Accessibility Statement
Effective: 27 May 2026 · Last reviewed: 27 May 2026
The Institute for Strategic Dialogue is committed to making the Authoritarian Interference Tracker usable by the widest possible audience. This page describes the accessibility posture of the public site, known limitations, and how to give us feedback.
Conformance target
We aim to meet the Web Content Accessibility Guidelines (WCAG) 2.1, Level AA. The site is not formally audited and we make no claim of full conformance; we treat this as a continuing commitment rather than a fixed state.
What we do
- Semantic HTML for headings, lists, and landmarks.
- Keyboard navigation throughout the site; a “Skip to content” link is available at the top of each page.
- Focus is visible on all interactive elements.
- Images carry alt text where they convey meaning.
- Page language is declared (
lang="en"). - Honoring the
prefers-reduced-motionsetting in the operating system or browser to suppress non-essential animations. - Sufficient color contrast for body text and interactive controls.
Known limitations
- Some data visualisations (Sankey diagram, chord diagram, stacked area chart, clustered map) are inherently visual. Where possible, equivalent information is available in tabular form on the same page; some details visible only through chart interaction may not be reachable by screen reader.
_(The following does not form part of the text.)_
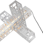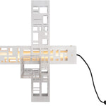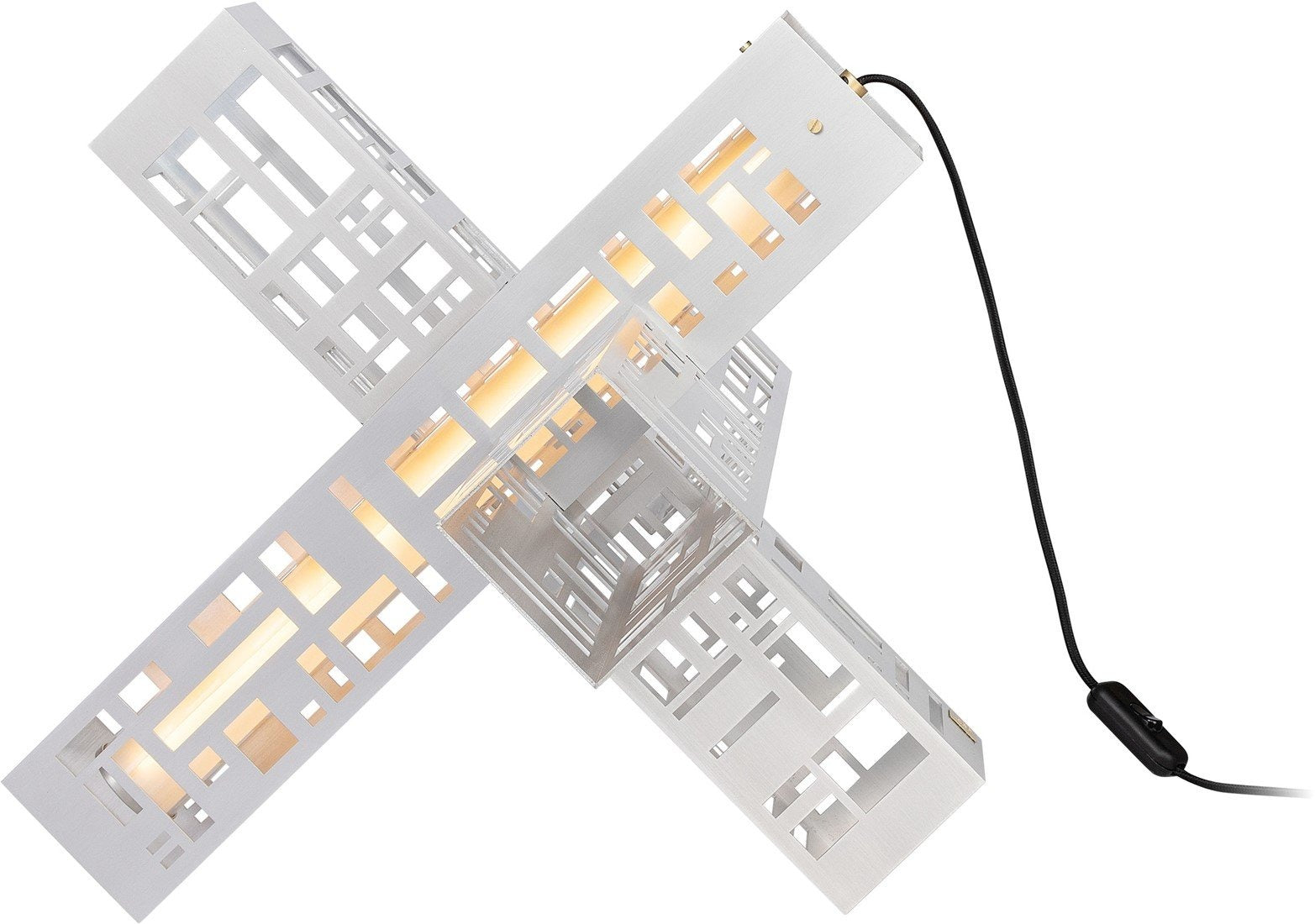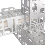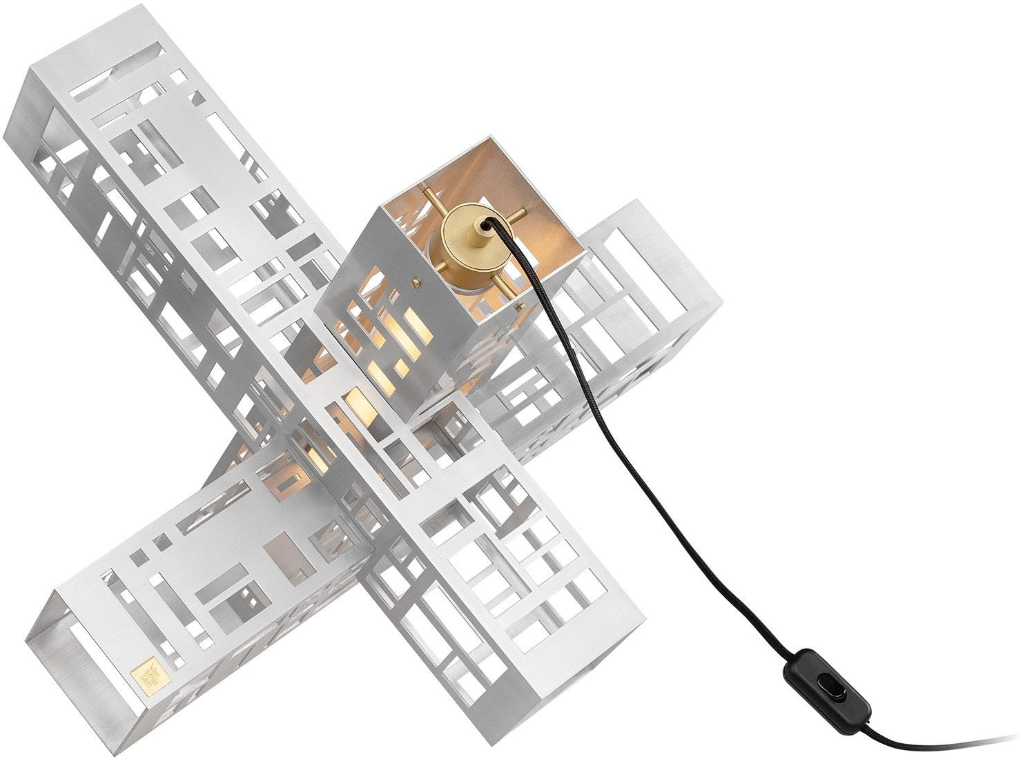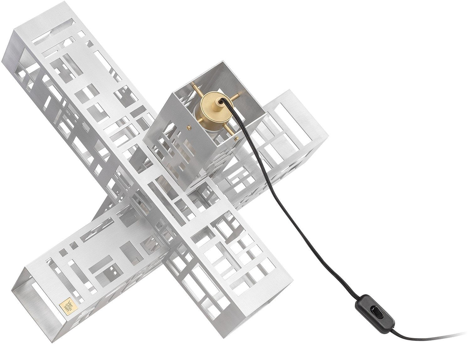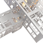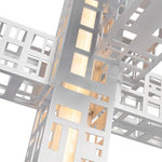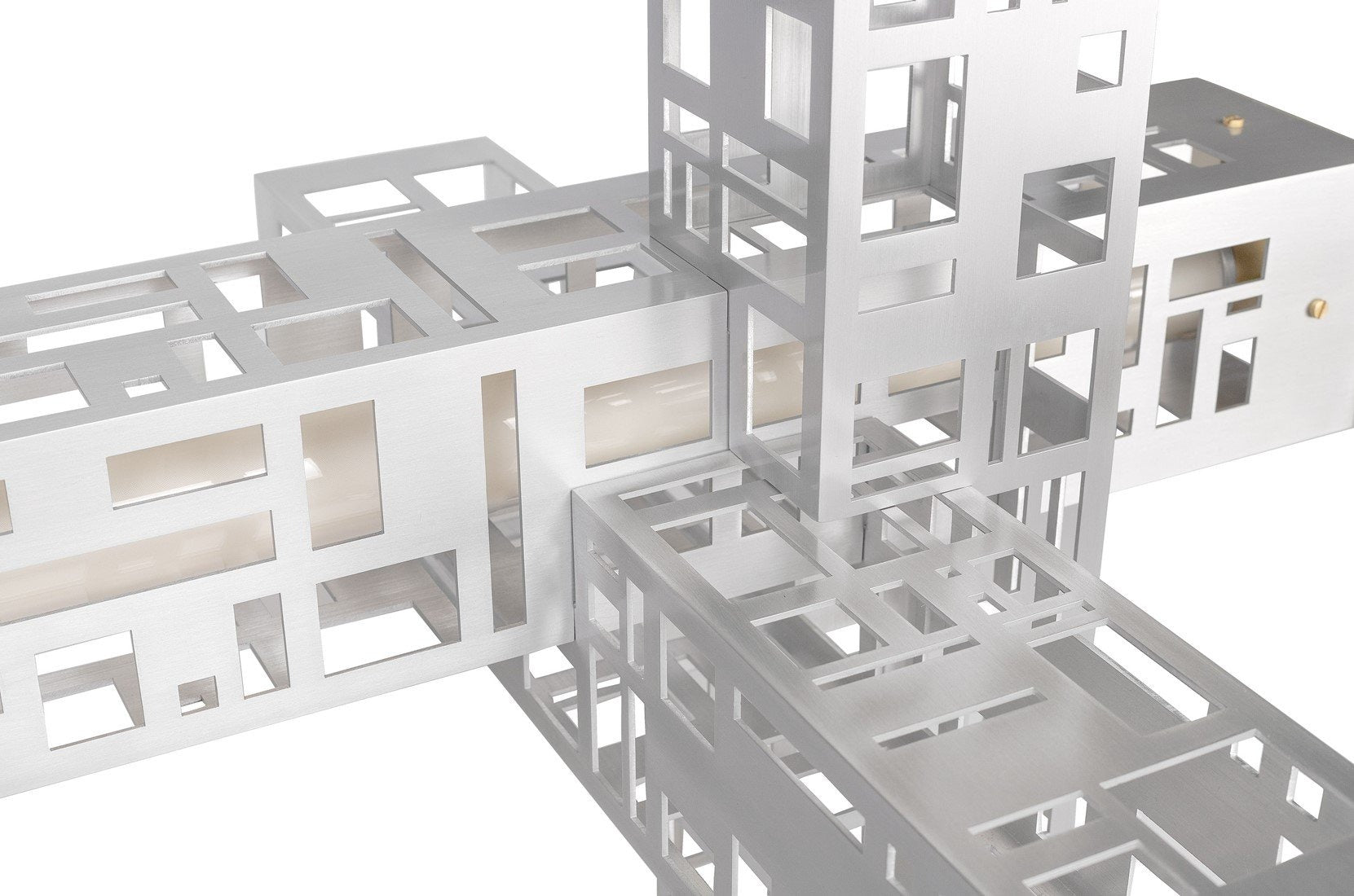 Crafted from solid aluminium with a brushed finish, its intersecting design and lattice-style structure create an architectural feel reminiscent of cutting-edge skyscrapers. An integrated LED strip illuminates through the intricate cut-outs, casting a striking and bright glow that transforms your space.

- The interactive map relies on Leaflet and OpenStreetMap tiles. Keyboard navigation of map markers is supported but is less convenient than mouse interaction.
- Filter pills convey state through color and text; users relying solely on color differentiation may need to consult the textual labels next to each pill.
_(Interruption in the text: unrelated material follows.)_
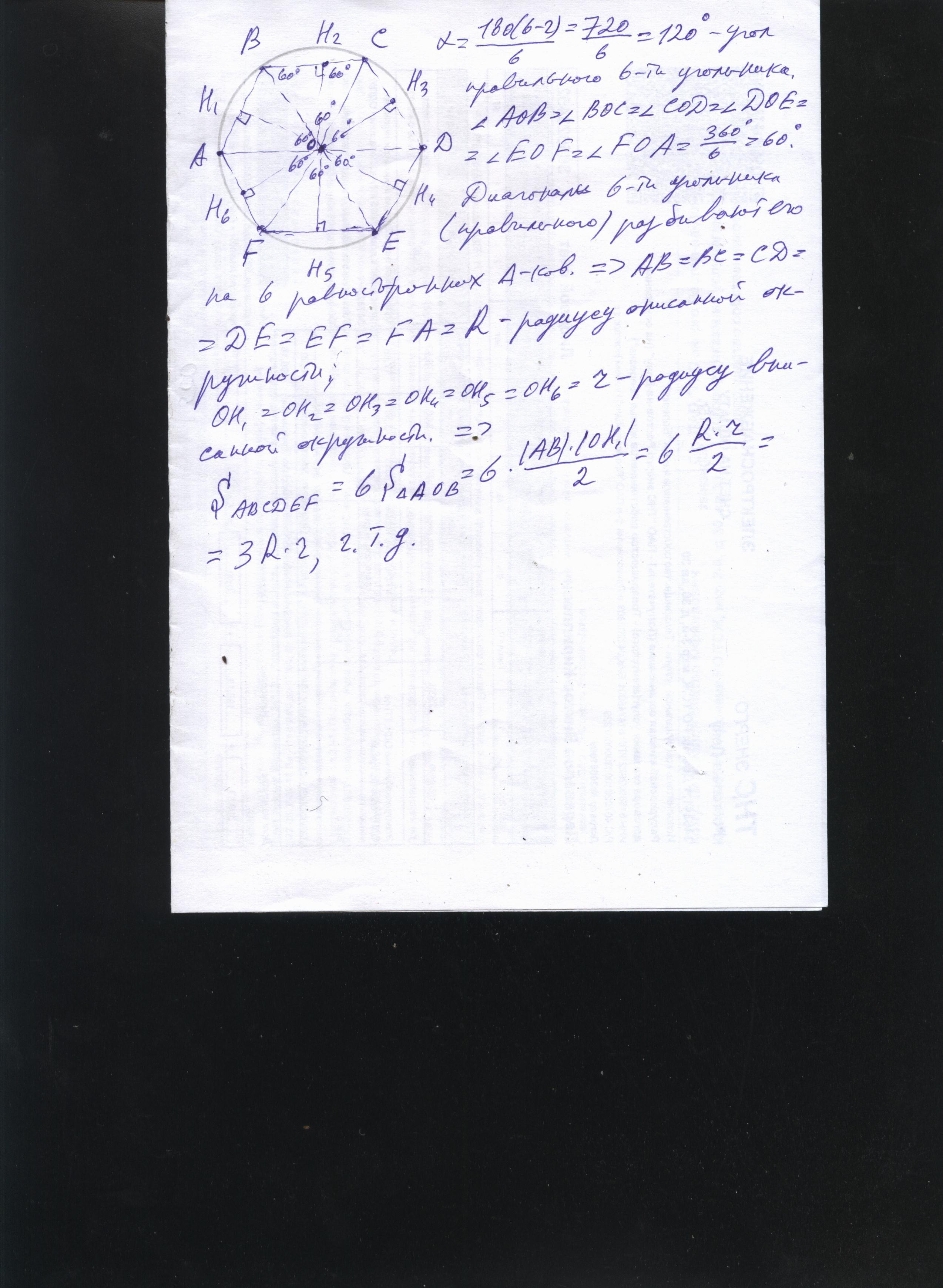 где a длина стороны правильного шестиугольника , O его центр (центр описанной и вписанной окружностей )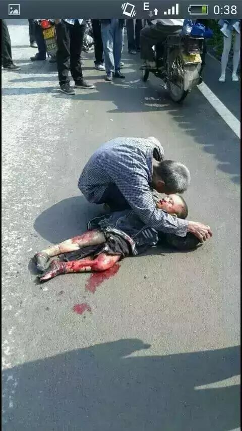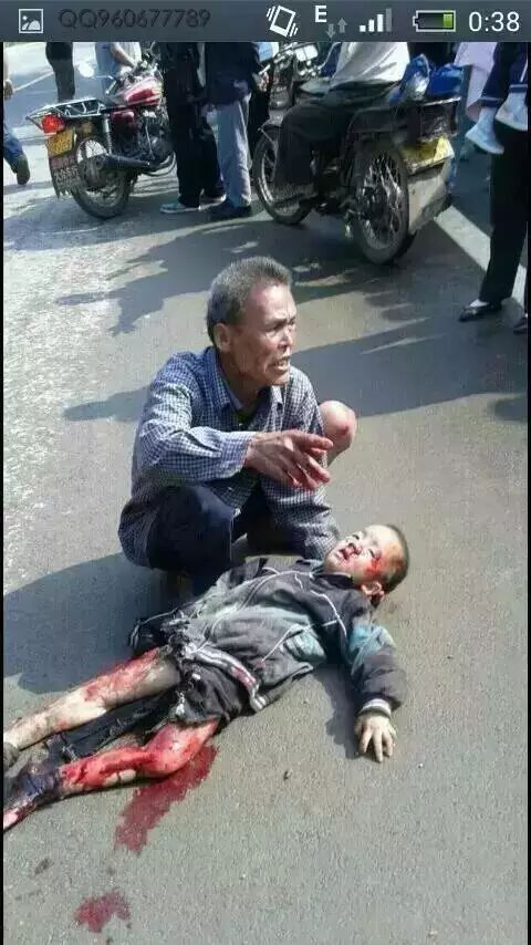 他爷爷带着他去赶集,回家的路上不幸被一辆皮卡车撞倒, 开车的司机把车停了下来,脑袋往车窗伸出来往后看了看,小男孩的爷爷也赶紧从摩托车上下来,就在这时,皮卡车飞快的开走了,连车带人一起开拖走了,他爷爷去追,怎么也追不到,这位小孩被皮卡车从河路口收费站一直拖到207国道往南那边的河路口中学下面的木材检查站。

- Long incident summaries are presented in a modal dialog. Screen-reader navigation out of an open modal returns the user to the trigger element.
If a piece of information you need is reachable only through a visual interaction, contact us at the address below and we will provide it in another form.
Compatibility
The site is tested against the two most recent major releases of Chromium-based browsers (Chrome, Edge), Firefox, and Safari, on desktop and mobile. Older browsers will receive a degraded but usable experience.
Feedback and contact
If you encounter an accessibility barrier on this site, please tell us. Email [email protected] and describe the page, the issue, and the assistive technology you were using. We aim to acknowledge feedback within ten working days and to fix substantive barriers as quickly as practical.
Enforcement
Where you believe we have not adequately addressed an accessibility complaint, you may be able to escalate to a national accessibility enforcement body. In the United Kingdom this is the Equality and Human Rights Commission; in the European Union it is the relevant national enforcement authority designated under the European Accessibility Act.